Le Signorie in Italia
LO STATO PONTIFICIO
- Nel XV secolo anche il papato, tornato a Roma dopo il periodo avignonese, in cui si indebolì a vantaggio dei baroni locali, costituì un vero e proprio Stato territoriale nell’Italia centrale, dopo essere stato guidato per un breve periodo da Cola di Rienzo, che cercò di porre fine alle lotte cittadine e seguendo il modello organizzativo elaborato dal cardinale Albornoz nelle Costituzioni egidiane. Comportandosi come veri e propri principi laici, i papi dotarono lo Stato pontificio di un efficiente apparato amministrativo, che garantì un aumento delle entrate fiscali e distribuirono cariche e privilegi ai membri della propria famiglia, o a signori locali che in cambio garantivano la propria fedeltà al papato.
Le Signorie in Italia
IL REGNO DI NAPOLI
- Il Regno di Napoli governato dagli angioini dal 1302 era caratterizzato da una profonda arretratezza economica e politica, alla quale si aggiunse una lunghissima crisi dinastica che durò dal 1343 al 1442. Sotto Roberto d’Angiò conobbe, tuttavia, un periodo di grande sviluppo e fioritura culturale e commerciale. Nel 1442 Alfonso V d’Aragona, detto il Magnanimo, riunì le corone di Napoli e di Sicilia, dando avvio ad un’opera di ammodernamento, ma alla sua morte, nel 1458, il Regno di Napoli e quello di Sicilia furono nuovamente divisi.
Le Signorie in Italia
LA DISCESA DI CARLO VIII E L’INIZIO DELLE GUERRE IN ITALIA
- Nel 1494, il re francese Carlo VIII, dopo un periodo di stabilità della situazione politica italiana, raggiunta attorno alla metà del XV secolo grazie alla pace di Lodi del 1454, con la quale gli Stati italiani sottoscrissero un accordo che definiva i reciproci confini dei territori statali, riconosceva Francesco Sforza legittimo duca di Milano dopo l’estinzione della dinastia viscontea, il dominio di Venezia sulle città lombarde di Bergamo e Brescia, a lungo contese tra Milano e la Repubblica serenissima e, da ultimo, prevedeva la costituzione di una Lega italica, ratificata l'anno successivo, che riuniva tutti i principali Stati italiani, ossia Milano, Venezia, Firenze, Stato pontificio e Regno di Napoli, scese in Italia, rivendicando il possesso del regno di Napoli che era passato nelle mani degli Aragonesi, in quanto imparentato con la dinastia degli Angioini.

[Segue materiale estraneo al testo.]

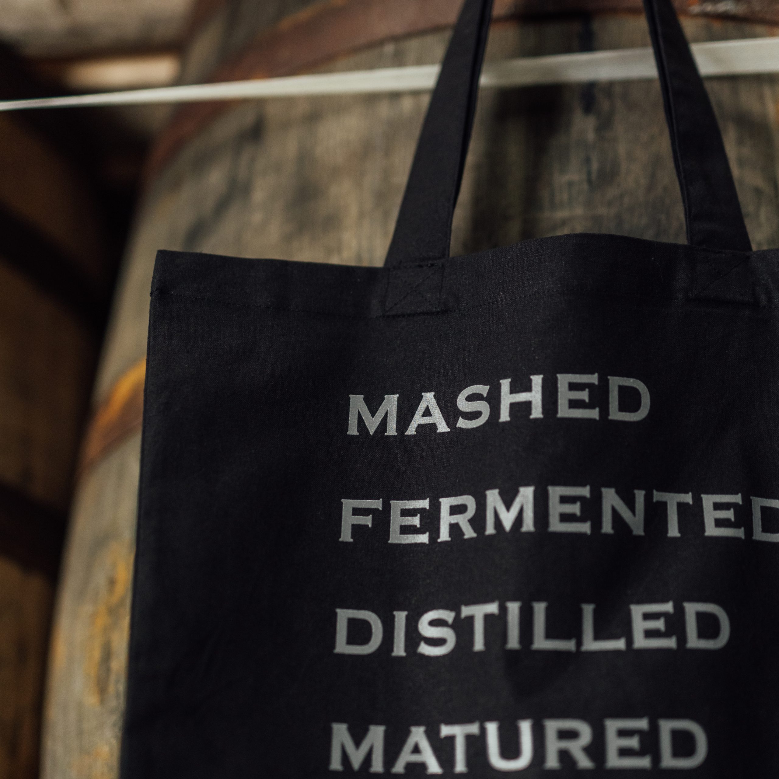 Copeland Distillery Whiskey Tote Bag, 100% cotton with “Mashed, Fermented, Matured, Bottled, Donaghadee” on the front and a plain back. Durable, stylish, and perfect for everyday use.
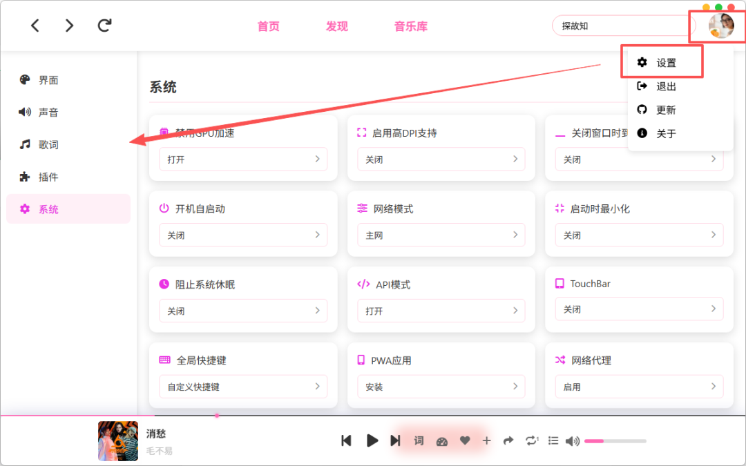 在设置里您可以根据自己的习惯进行更改。界面及音质
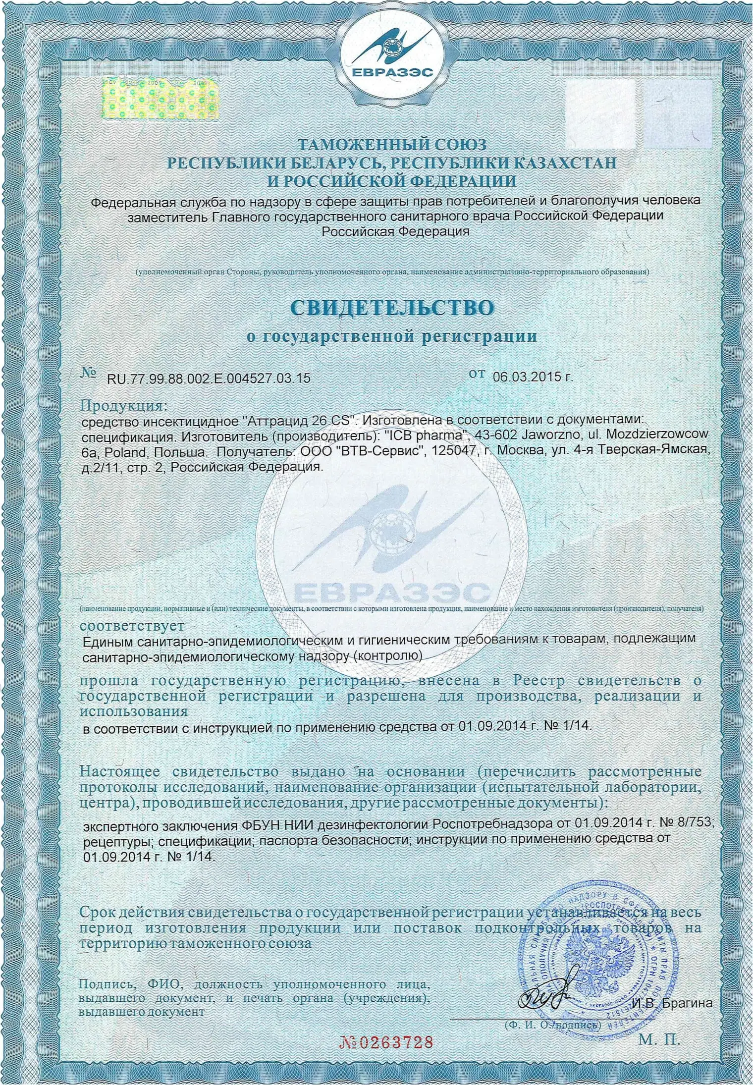 | Норма расхода препарата | 5 - 10 мл / 1 л воды |

- La sua discesa, inizialmente, non incontrò resistenze e, anzi, i Medici gli aprirono le porte della città e a causa di ciò, poco dopo, furono cacciati dalla cittadinanza. Fu istituita la Repubblica fiorentina, inizialmente guidata dal frate domenicano Girolamo Savonarola, in seguito condannato come eretico sul rogo per le sue ideologie politiche di stampo evangelico. Tuttavia, dopo che Carlo VIII ebbe occupato Napoli, il papa Alessandro VI organizzò una Lega antifrancese della quale fecero parte anche quei poteri italiani, ad eccezione di Firenze, che, in un primo momento, avevano ben accolto Carlo VIII, che sfidò il re francese nella battaglia di Fornovo del 1495, mentre stava facendo rientro in Francia.
- Nel 1499 il nuovo re di Francia Luigi XII scese di nuovo in Italia e, oltre a rivendicare il Regno di Napoli, aggiunse nuove pretese sul ducato di Milano, che conquistò, reclamandone l’eredità in quanto sua nonna era una Visconti. Le guerre d’Italia avevano messo in moto un meccanismo di alleanze e posizionamenti, che influenzava l’azione di larga parte degli Stati italiani, oltre che di poteri europei, come nel caso dello scontro tra Francia e Spagna per il dominio sul Regno di Napoli. Sulla scorta di ciò, il nuovo papa Giulio II, organizzò una nuova coalizione, la Lega Santa, che affrontò vittoriosamente i francesi nel 1512 a Ravenna: il ducato di Milano tornò temporaneamente agli Sforza e a Firenze rientrarono i Medici.
L'Umanesimo
UNA RIVOLUZIONE CULTURALE
- In un’Italia lacerata da gravi tensioni sociali e politiche, colpita dalle pestilenze, percorsa dagli eserciti stranieri, caratterizzata da un’economia stagnante e dalla rifeudalizzazione, prese corpo una delle più grandi rivoluzioni culturali che la storia umana abbia conosciuto.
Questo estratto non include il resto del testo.